# Peep size for 6x lens indoor spots 20 yards



## Huntinsker (Feb 9, 2012)

Small if you want a clear target. Depending on your DL, probably smaller than what would frame your scope. The longer the DL, the more the magnification. The more the magnification, the more distorted the target appears. That means without a clarifier, you'll need to go really small to clear the image.


----------



## Planner (Jan 31, 2016)

I have a 1 5/8" scope housing w/ 4x lens, using a 3/32" #1 clarifier and a 31" draw length on my Energy 35. Plan to shoot this for outdoor 3D this year.

Still setting up my V37, but have a 42mm Shrewd scope, no lens, on a 9" dovetail and 1/16" aperture.


Sent from my iPad using Tapatalk


----------



## huteson2us2 (Jun 22, 2005)

My 6X lens is clear enough to see the ten ring on Vegas target with a 3/64" peep. However I find the 3/64" peep a little dark indoors and settle for a 1/16" peep (no clarifier). A little fuzzy but more light. Never understood why so many archers on AT uses a large hole peep for scopes with magnification when they should only be used for pin sights. I think it is because most archers start with a pin sight for hunting and when they change over to a scope, they never think about changing the peep to a smaller aperature to clear the image.

Just for giggles, drill a 1/16" hole in a small piece of wood. Hold the piece of wood up to your eye like a peep and with your scope out as far as possible with your other arm, look at a target at 15 to 20 yards. It should only take about ten minutes to try it and you might be surprised.


----------



## huteson2us2 (Jun 22, 2005)

Sorry. Make sure the wood is no more than the width of your peep. This experiment will not work with a 2" X 4".


----------



## grantmac (May 31, 2007)

Even the smallest won't perfectly clear a .55 diopter for me and is unusable indoors.


----------



## ken Johnson (Apr 5, 2007)

Get a #2 Nite Hawk peep www.nitehawkarchery.com

It will clear up your scope and also eliminate the problems cause from shoot under different ranges.


----------



## baller (Oct 4, 2006)

30" DL, 6x lens on a 29mm scope. I shoot a 1/16" peep indoors with a 2mm black dot and have maybe a 95% clear target, a little fuzzy but can still see lines on vegas face.

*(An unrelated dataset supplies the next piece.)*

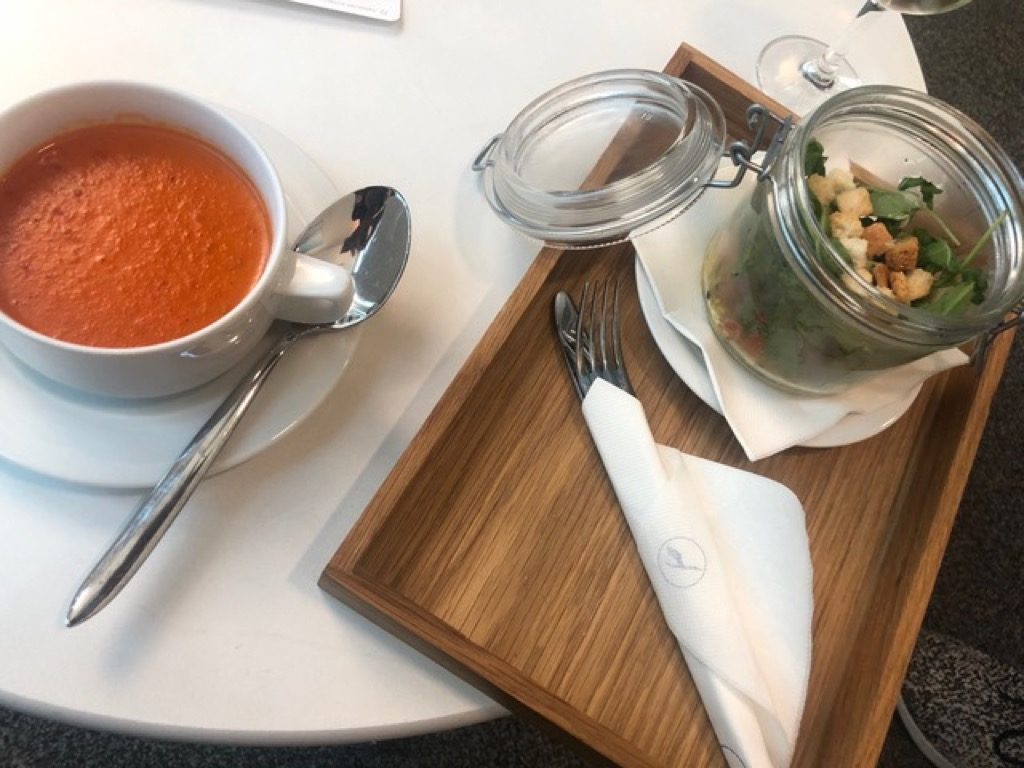 Mein Partner begleitete mich und wir konnten im Vorfeld ohne Probleme auf der Homepage der jeweils durchführenden Airline Sitze reservieren und einchecken. Da es aber Probleme gab gleichzeitig meine Miles&Bonus Nummer der Aegean und die Vielfliegernummer der British Airways für das spätere Leg der LATAM einzulesen gingen wir noch kurz zum leeren Check-In Bereich der Lufthansa und holten uns auch Papierbordkarten ab. Diese sammele ich gerne und fand es interessant eine LATAM Bordkarte in Optik der Lufthansa Group zu ergattern. Nürnberg ist ein Flughafen der kurzen Wege und im Nu sassen wir schon in der Senator Lounge, unmittelbar in der Nähe des späteren Abfluggates nach München. Überrascht stellte ich fest dass es in der Lounge kein Buffet für Speisen mehr gab, vielmehr informiert eine Menükarte über ein individuelles Angebot welches bei den Mitarbeitern bestellt werden konnte. Suppe und Salat hörten sich gut an, die Portionen waren nicht allzu gross aber man konnte hier sicherlich die Bestellung erweitern. Insgesamt eine gute Idee wenn man bedenkt dass ein Buffet permanent und aufwendig sauber gehalten werden muss und mit dem neuen Konzept vielleicht weniger Abfälle entstehen. Darüberhinaus hatte die Bestellung und der Kontakt zu den Mitarbeitern eine persönliche Note.

Outdoors I shoot a 3/64" peep as its brighter and makes the peep bigger, targets are clear again about 95% or so out to 60y. Past that they are still clear enough to shoot, with the 80y field target being about 80% clear, fuzzy but can still see black and white circles to aim at. 

In each case I very my sight extension distance to get the scope/peep frame i prefer in my sight picture. The Jim Fletcher true peep is only about 4.50 each, so a few different sizes of them would be a cheap experiment.


----------



## huteson2us2 (Jun 22, 2005)

I am amazed by the fact that most archers will not even try a smaller peep with a magnified lens. I believe that the only way to make someone try a smaller peep is to hit them in the back of the head with a 2 X 4 every time they miss the spot. After a few hits, they will start to try a few things to keep that 2 X 4 away.

I have a friend that shoots a 3X lens with a #2 clarifier. He can't see his dot but can count the holes in the target. He won't shoot in the rain nor will he shoot a target if there is any glare on his clarifier. I try to get him to use a smaller peep without a clarifier and he says no and that he likes his peep. I am going to bring a 2 X 4 next time we go to the range.


----------



## wv hoyt man (Feb 17, 2012)

What is your ave indoor scores?


----------



## nochance (Nov 27, 2008)

I shoot a 3/64, but keep a larger one in my quiver in case the range has low lighting


----------



## Bobmuley (Jan 14, 2004)

I don't even know why they make peeps bigger than 1/16" :wink:


----------



## Wyatt gray (Jul 14, 2016)

I use a 6x indoors and out and indoors my clarifier is a #3 in the smallest holes size sold and I can see the lines perfect and my holes but outdoors I use a #2 because of light and really it's gonna be what ever ur eye likes best 


Sent from my iPhone using Tapatalk


----------



## nswarcher (Apr 16, 2015)

Start with half inch.........
There is no point asking as no one has your eye sight and form, whats clear to some may not be to others,
In saying that with a 6x lens you will be pushing to not run a clarifier


----------